3 min readMar 26, 2023

Prerequisites

Machine Learning Basics
Python Basics

What happens after a model is trained?

Model training is a very important stage in modeling. It involves feeding an untrained model with sufficient data to understand and recognize the patterns in data. Typically, based on the training data and the complexity of the model involved, the training make even take hours if it involves complex data like images, videos, etc.
After a machine learning / deep learning model is trained successfully, the trained model will be used for inferencing. In the normal scenario, the trained model is stored in the python kernel’s memory as an object. So during inferencing, we can use this object reference to access the model and get the desired output for the respective inputs.
Though this method looks direct and straightforward, there are some challenges associated with it when it comes to industrializing it.

Challenges

If I restart the python kernel, the trained model object will be removed from the memory, so do I have to train the model again from scratch?
If I want to share this model for inferencing with another person, how can I achieve it without involving the training phase?
If I want to industrialize this trained model, how will I set it up in the server without involving the training phase?

Solution

To avoid training each time to invoke a model and remove the above-discussed bottlenecks we have to save this model in a reusable manner.
Once we have saved the trained model, we can initialize this trained model in the required instance and take it forward for inferencing. This activity is commonly called pickling.

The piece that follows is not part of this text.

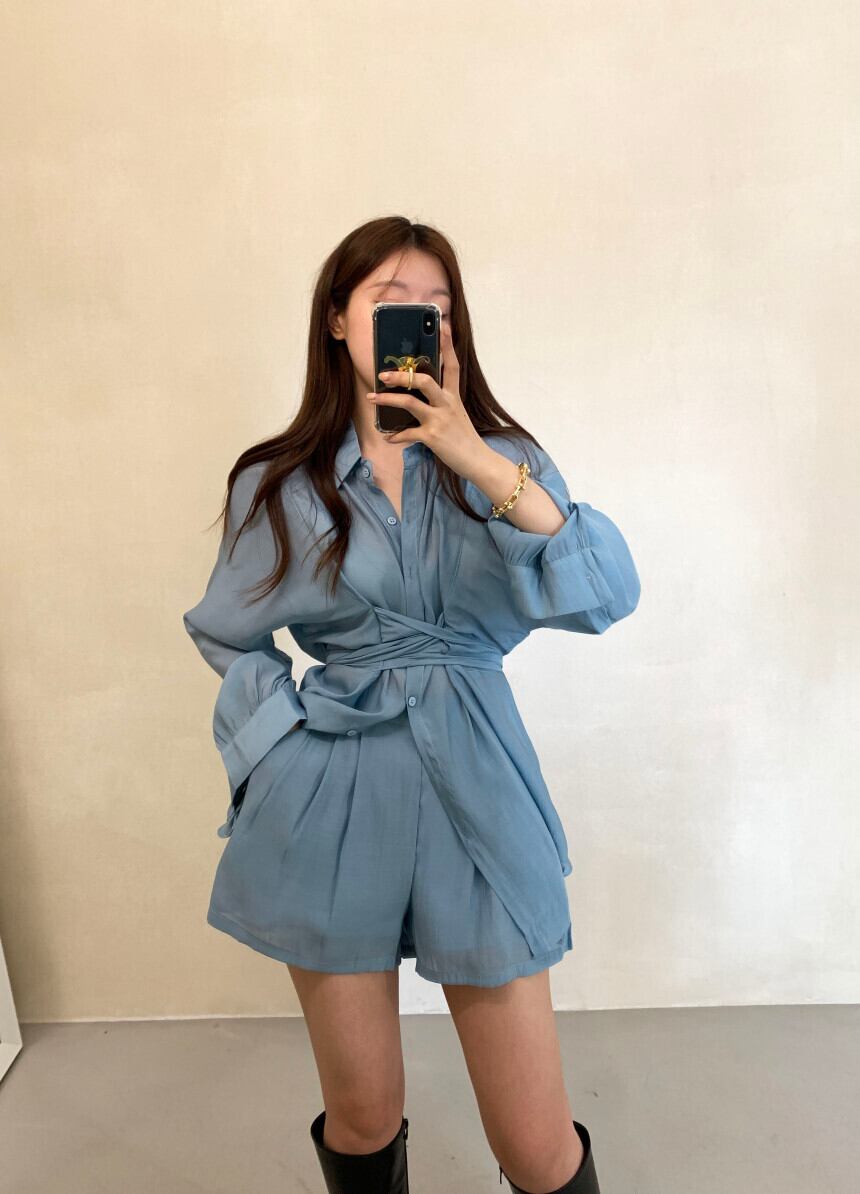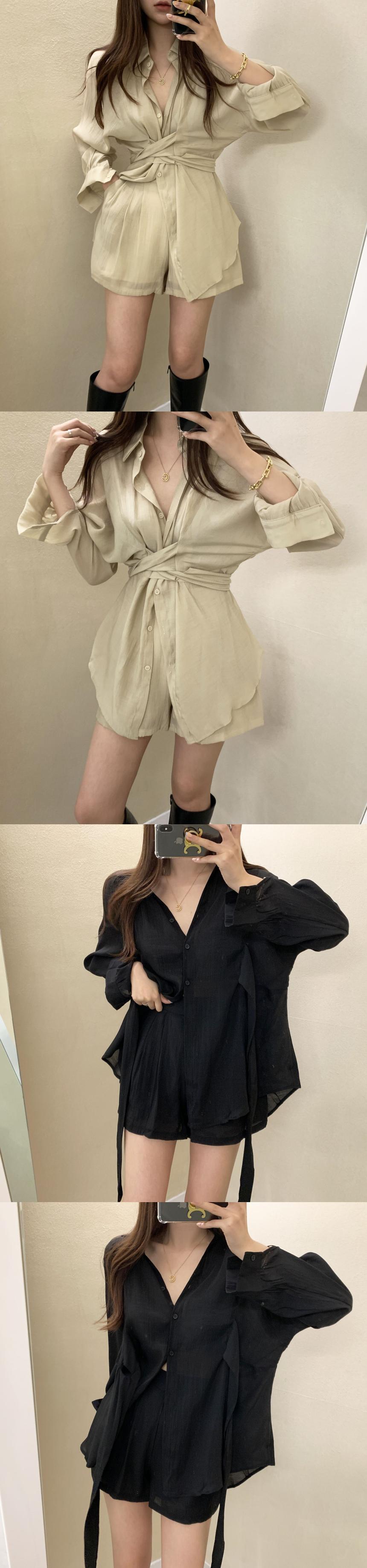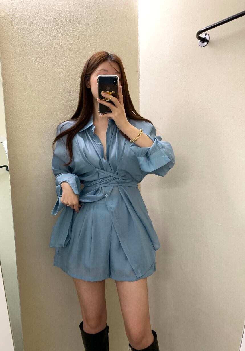 サマーレースシャツ ハイウェストウェストルーズワイドレッグショーツ エレガント 夏物 ブルマー ワイドパンツ 7/20 mi469963042711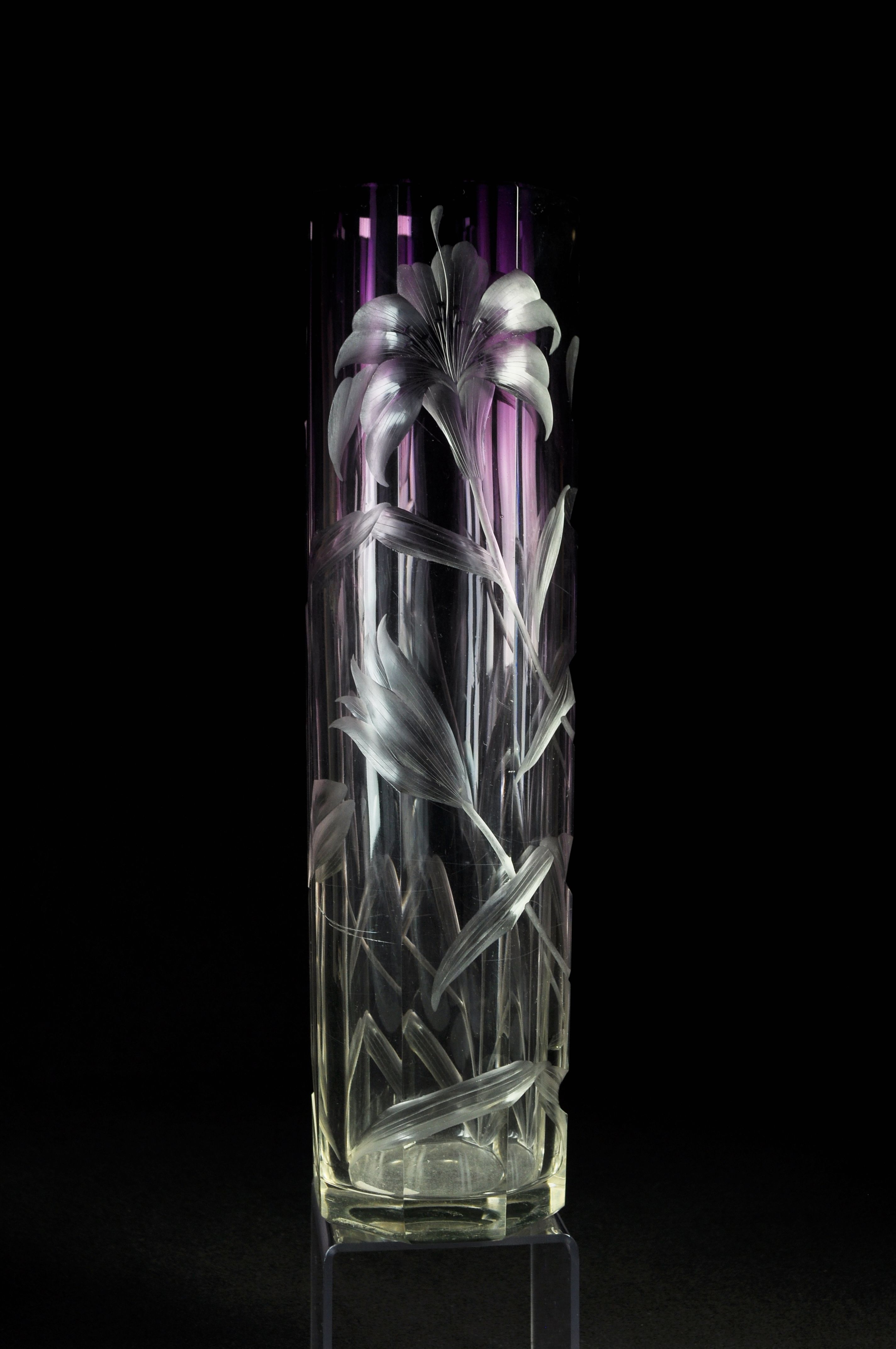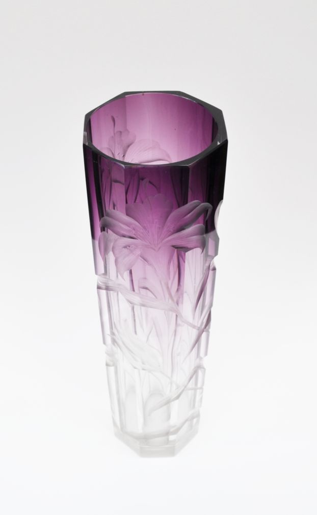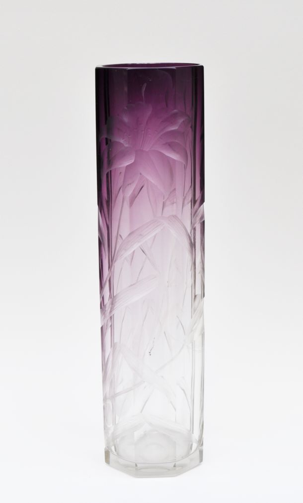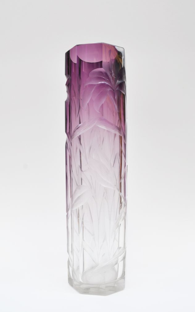 efektní vysoká váza z bezbarvého skla, uvnitř nahoře fialově sbíhaného, hranolový oktagonální brus, přes hrany hluboce řezaný bohatý dekor lilií (”Eckentief-Gravur”), průměr 9 cm, výška 35 cm; sklárna Moser Karlsbad, kolem r. 1915; značeno dobovou leptanou značkou; sběratelsky zajímavý kus ze secesního sortimentu sklárny

“Pickling” is the process whereby a Python object hierarchy is converted into a byte stream, and “unpickling” is the inverse operation, whereby a byte stream (from a binary file or bytes-like object) is converted back into an object hierarchy. — Python Documentation

The process followed in model pickling is called serialization. And, initializing the saved model back to a variable (or unpickling) is called deserializing.

Most Commonly Used Methods

Pickling using the Pickle module
Pickling using the Joblib module

Steps for using Pickle module

1. Import the pickle module

import pickle

2. Train a model

model.fit(xtrain, ytrain)

3. Save the model using pickle.dump.

pickle.dump(model, open(picklePath, "wb"))

Here, picklePath represents the path to store the generated pickle file
Once the pickle file is generated it can be shared and used for inferencing

4. Load the model for inferencing use pickle.load

model = pickle.load(open(picklePath, "rb"))

Here, picklePath represents the path where the pickle file is stored.
The model variable has reference to the trained model.

5. Use the loaded model for inferencing

model.predict(data)

Similar to how we would have treated a trained model variable we can treat this model variable and take it forward for getting output.

Steps for using Joblib module

1. Import the joblib module

import joblib